* [WORK TO COMPLETE] Take the entries below and reproduce exactly the portion that begins at the line containing "PELLICCIOTTI TITO (1871" and ends at the line containing "Samsung gt e3300", keeping both ends, dropping pictures, and adding nothing else.

* [STORED DATA]
□ □ □ □ □

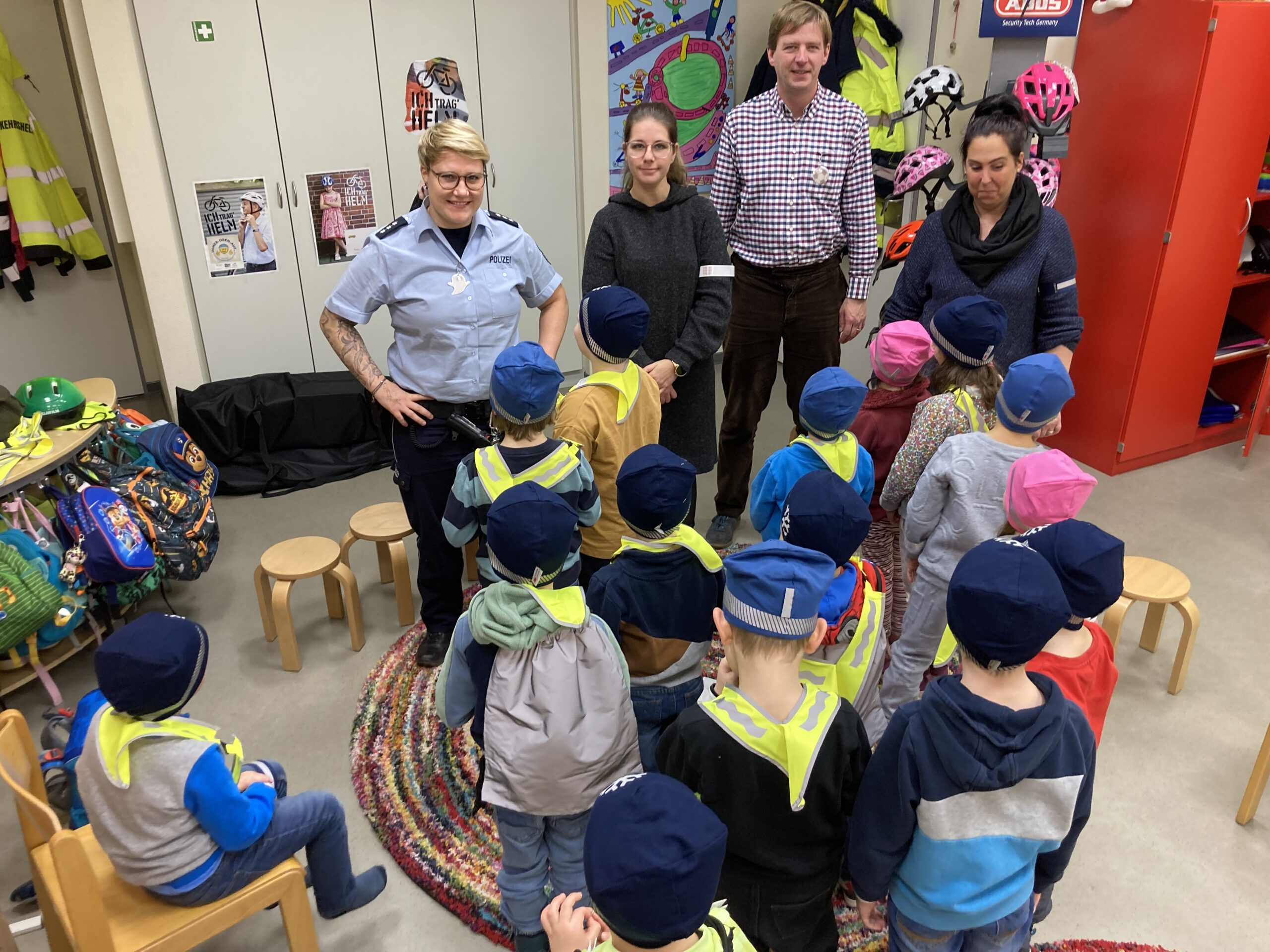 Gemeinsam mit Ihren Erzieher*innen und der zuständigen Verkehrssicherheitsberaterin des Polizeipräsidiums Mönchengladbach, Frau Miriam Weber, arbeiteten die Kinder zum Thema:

□ □ □ □ □

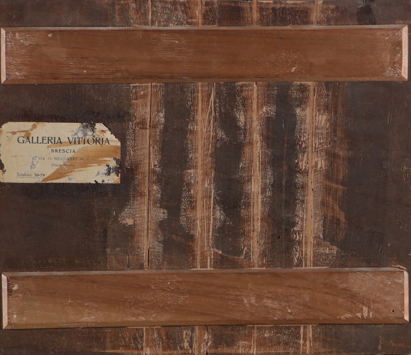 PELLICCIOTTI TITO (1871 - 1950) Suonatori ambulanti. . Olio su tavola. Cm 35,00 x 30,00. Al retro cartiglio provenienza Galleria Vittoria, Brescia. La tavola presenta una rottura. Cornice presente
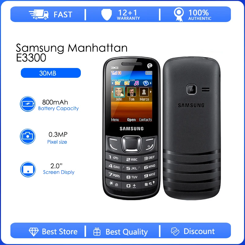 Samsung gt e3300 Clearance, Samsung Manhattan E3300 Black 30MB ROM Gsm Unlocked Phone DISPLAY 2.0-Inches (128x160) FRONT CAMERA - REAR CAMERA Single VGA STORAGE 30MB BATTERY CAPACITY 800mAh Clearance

□ □ □ □ □

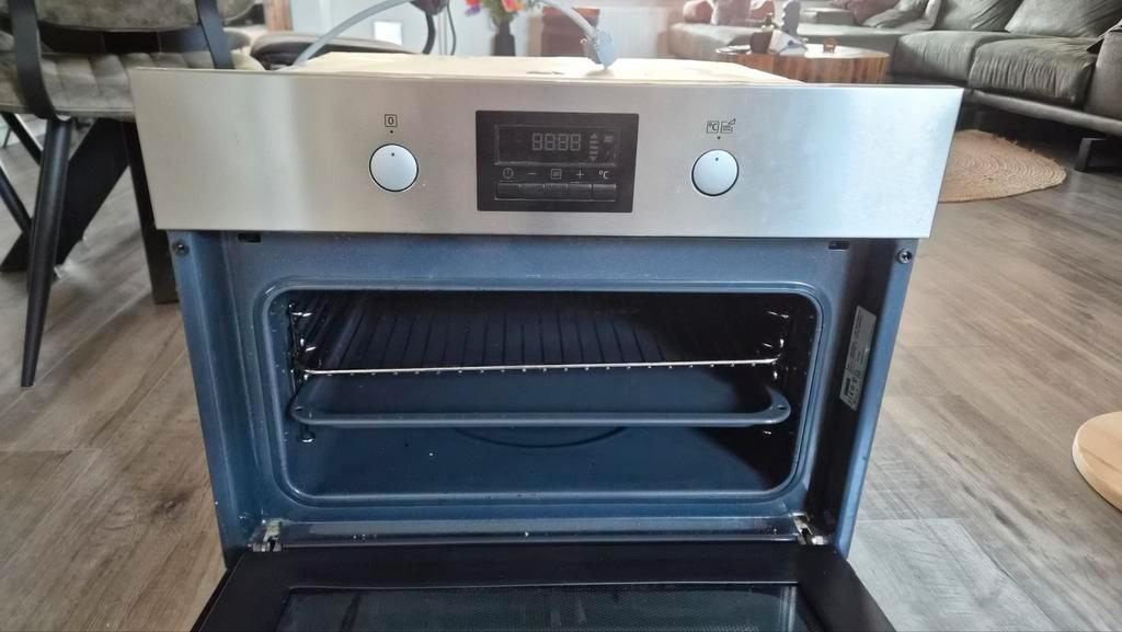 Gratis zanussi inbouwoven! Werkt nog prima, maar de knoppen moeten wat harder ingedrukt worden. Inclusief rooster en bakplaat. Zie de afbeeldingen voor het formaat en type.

□ □ □ □ □

* [RESULT OF THIS TASK]
 PELLICCIOTTI TITO (1871 - 1950) Suonatori ambulanti. . Olio su tavola. Cm 35,00 x 30,00. Al retro cartiglio provenienza Galleria Vittoria, Brescia. La tavola presenta una rottura. Cornice presente
 Samsung gt e3300 Clearance, Samsung Manhattan E3300 Black 30MB ROM Gsm Unlocked Phone DISPLAY 2.0-Inches (128x160) FRONT CAMERA - REAR CAMERA Single VGA STORAGE 30MB BATTERY CAPACITY 800mAh Clearance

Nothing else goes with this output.